All die schönen lautlosen Autobahnkilometer gehen irgendwann zu Ende, wenn der nächste Ladestopp ansteht. Diesmal in einem Parkhaus in Frankfurt-Sachsenhausen. Dort geht es für alle Fahrzeuge recht eng zu, mit einem SUV auf der Suche nach der Ladesäule durch die Parkdecks zu manövrieren, während die Parksensoren durchgehend Alarm schlagen, macht keinen Spaß. Am Ende befindet sich die Säule direkt vor der Ausfahrtschranke. Dafür ist der Preis nicht ohne: Pro halbe Stunde wird ein Euro berechnet, zusätzlich zur normalen Parkgebühr. Allerdings schafft die Säule maximal 22 kW. Macht am Ende für drei Stunden parken und nicht einmal hundert Kilometer Reichweite neun Euro.

Für den Rückweg nach München plant das Audi-Navigationssystem gleich zwei Ladestopps ein.
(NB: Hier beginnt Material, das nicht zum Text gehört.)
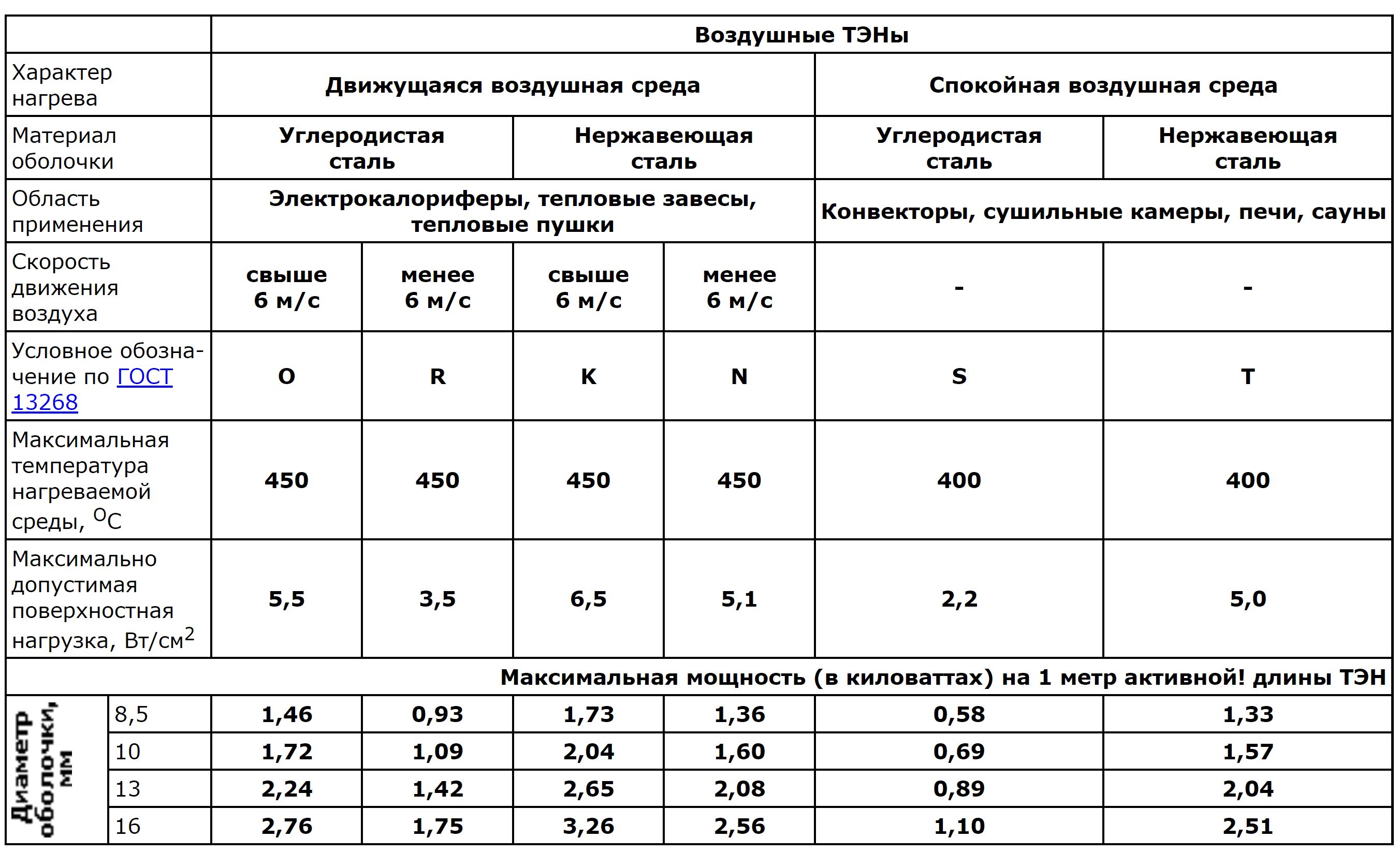 Основным правилом при выборе ТЭН для заданной нагреваемой среды является правильное сочетание геометрических и электротехнических параметров. Ресурс и надежность работы ТЭН зависят от того, насколько велика поверхностная нагрузка. Для различных нагреваемых сред допустимая удельная поверхностная нагрузка разная и является строго нормативной величиной, превышение которой ведет к преждевременному выходу ТЭН из строя.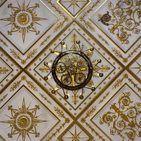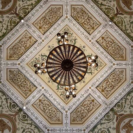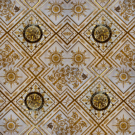 Ниже будут представлены фотографии потолка Эрмитажа и вместе с ними показано, как из данной фотографии складывается целый плиточный квадрат.

Warum, erschließt sich dem Fahrer nicht. Genauso wenig, warum der Routenplaner eine Ladesäule an einer BMW-Niederlassung ansteuern möchte. Die Aussicht auf eine Stunde Ladepause am späten Samstagabend auf dem Parkplatz eines Autohauses erscheint wenig reizvoll. Deshalb soll stattdessen der Rasthof Nürnberg-Feucht als Zwischenstopp dienen. Mit 22 Kilometern Restreichweite geht es an die 50 kW-Ladesäule. QR-Code scannen, Kreditkartendaten eingeben, dann sollte der Strom fließen. Doch statt Saft in den Akku fließen nur 10,95 Euro auf das Konto von Eon. Sonst passiert: nichts.

Wieder wird die Hotline zur letzten Hoffnung. Doch da heißt es erst einmal: Bandansage statt Telefonseelsorge. "Der nächste freie Mitarbeiter ruft Sie zurück." Während draußen die Sonne untergeht, meldet sich nach ein paar Minuten eine Mitarbeiterin. Warum das Auto nicht lädt, weiß sie nicht. Auch ihr bleibt nur die Möglichkeit, per Ferneingriff die Säule zum Laden zu bewegen. Das klappt erst im dritten Versuch, aber der Punkt, an dem man noch irgendwelche Ansprüche an die Ladeinfrastruktur hat, ist sowieso schon lange überschritten. So nimmt man auch die Aussage hin, dass der Ladevorgang leider nicht vorzeitig beendet werden kann. Das virtuelle Cockpit verrät, dass die nächste Stunde und 48 Minuten in einem Schnellrestaurant stattfinden werden. Dort ist zumindest das Wlan noch nicht auf die Ladezeiten der E-Autos eingestellt. Gratis surfen gibt es nur für eine Stunde.

Am Ende kann man fast froh sein, dass sich bisher nicht mehr Menschen auf das Abenteuer Elektromobilität eingelassen haben. Denn elektrisches Fahren ist mehr als nur der reine Antrieb - die Kombination aus Fahrzeug und Ladeinfraktur ist entscheidend. Was das betrifft, hat Tesla im Moment die Nase vorn.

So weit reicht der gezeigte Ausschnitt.